In 2007, another enduring phenom, Nick Cave—who is also fun, in his own creepy way—returned to the dark and primitive sludge of the Birthday Party with his Grinderman side project. He maintains some of that savage edge with the most recent album with the Bad Seeds, Dig!!! Lazarus Dig!!! There is some of the scalding edge of Iggy and the Stooges here (“Albert Goes West”), as well as some freaky horror music (“Night of the Lotus Eaters”). Elsewhere, there’s simply some trippy, groovy darkness (“Midnight Man,” which I swear has a faint echo of Duran Duran’s “Rio”). Not for the uninitiated, but for those keyed in to Cave’s gleeful blackness, it’s ambrosia.

During the Foo Fighters’ set at the recent Who tribute on VH1, Supergrass singer Gaz Coombes took over vocals on “Bargain” and just a-ripped it open. It reminded me to check up on what that other band from Oxford, England (not Radiohead), have been up to. Supergrass have been churning out ambitious, snappy fuzz-pop since 1994, and Diamond Hoo Ha shows them to be doggedly consistent: never blowing your mind, but remaining cheeky, hard-edged and smart. “Bad Blood” is tough and ragged, while “Diamond Hoo Ha” is a fascinating blend of crotch-rock wallop and complex dynamics.

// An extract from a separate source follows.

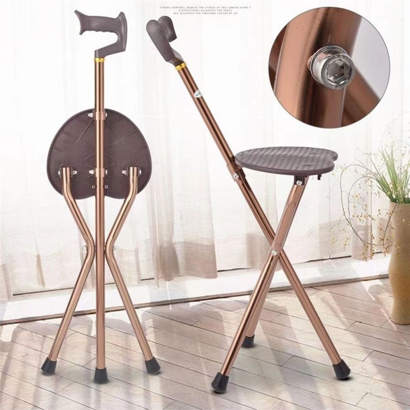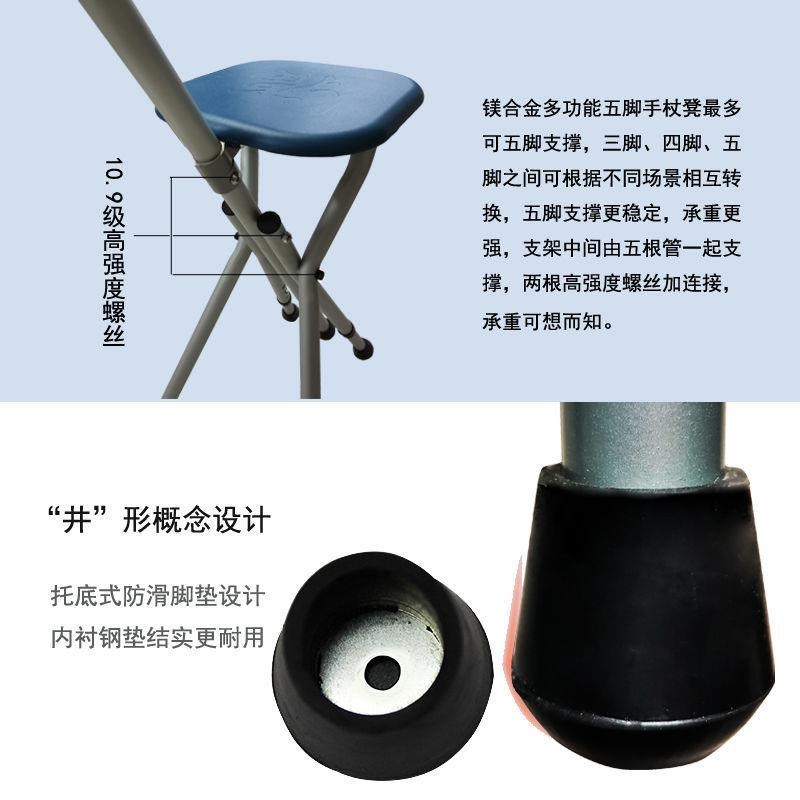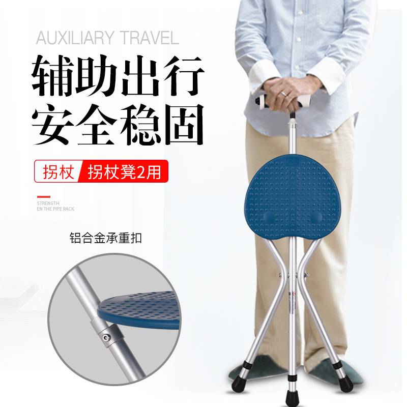 老人铝合金拐杖椅子拐棍老人手杖三脚椅凳多功能防滑折叠带凳轻便
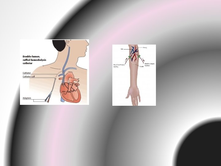 Components of Hemodialysis -Dialyzer or artificial kidney - Blood compartment -Dialysate – made up of clear H 2 O & chemicals. Prevent decrease in pt’s blood temperature. -Vascular access routes – AV fistula, AV Graft, Dual Lumen Cathater, AV Shunt. -Hemodialysis machine.

Jack White’s Raconteurs possess the same contrast of brains and roughness. Those who thought the White Stripes svengali was just dabbling on the side for a one-off were wrong, and with co-conspirator Brendan Benson at his side, they’re back with Consolers of the Lonely. “Salute Your Solution” sounds like the Beastie Boys tackling Quadrophenia-era Who, and it really works. “You Don’t Understand Me” flips the tables: It’s a stadium-sized, eyes-scrunched-shut, ’70s-rock anthem. “The Switch and the Spur” sounds like it belongs on a lost psych-era rock-opera album, either the Small Faces’ Ogden’s Nut Gone Flake or the Pretty Things’ S.F. Sorrow. (Thank you, thank you. I’ll be here all night, pulling obscure references out of my ass. Please tip your waitress.) “Rich Kid Blues” is just crazy—it sounds like Southern rock during a psychotic breakdown. There’s so much scope on the album, it’s hard to take in. A double-live album would congeal things for me.